Poor old Gilbert is getting restless. Despite the fact that there is more interest in wildlife than ever before, it seems that most of the so-called conservation organisations are losing interest in species. Instead they prefer to babble on about landscape scale conservation and ecosystem services (whatever they are). Could this be because most of their staff don't have any knowledge about species if they don't have four legs?
This is my attempt to encourage an interest in good old-fashioned natural history.

Friday, 31 May 2013

Woodlarks RIP

Tuesday once again provided evidence that Woodlarks just cannot cope with all-day rain. My colleagues had found a nest with a rather feeble brood of just two young and they were of a suitable age for ringing.
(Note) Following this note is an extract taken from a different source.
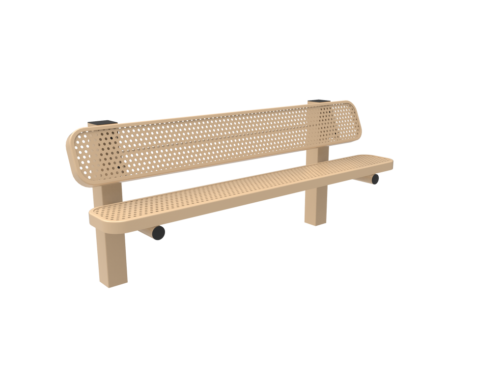 Elevate comfort, style, and community spirit with the MyTCoat 6’ - 8' Pedestal Bench with Back - Punched Steel - Inground Mount (SKU BRT06)!

They checked the nest at 2.30pm and the young were ok so I travelled up after work but at 6.15pm both were dead. Although the young were known to be 10 - 11 days old they looked more like 7 so the adults were clearly struggling to feed them even before the rain.

Woodlark brood earlier this year
This evening I visited Browndown - a superb area of vegetated shingle on the edge of Gosport. It's an MoD site so there's always a risk that the red flags will be flying and you can't go in but all was ok this evening. The main purpose of the visit was to look for the White Spot moth which feeds on Nottingham Catchfly and is consequently rather rare. I've only seen it once and that was about 10 years ago.

Wandering round before dusk produced my first Dartford Warbler of the year and a few plants to examine tomorrow which will hopefully produce a few new species but I couldn't find any Nottingham Catchfly (which really should be flowering by now) or the rare Little Robin which is mentioned on the notice board at the entrance and is definitely flowering on Hayling Island. Heading back out after dark with lamp and net, I soon came across a flowering Nottingham Catchfly and, upon consulting my book, found that the flowers open at night - doh! Having said that, this was the only plant I found that was actually in flower.

I was surprised that a Nightjar started churring at dusk. Ok so there is heathland on some of the shingle but it seemed rather strange to find one on this slither of land between the sea and Gosport.

I didn't see many moths and White Spot failed to show itself (although it may not be flying yet in this late year). The main species of note were a few Diamond-back Moths, showing that some migration is taking place and about half a dozen Tawny Shears - a coastal species which I don't see very often.

Browndown really is an outstanding site, I must spend more time there.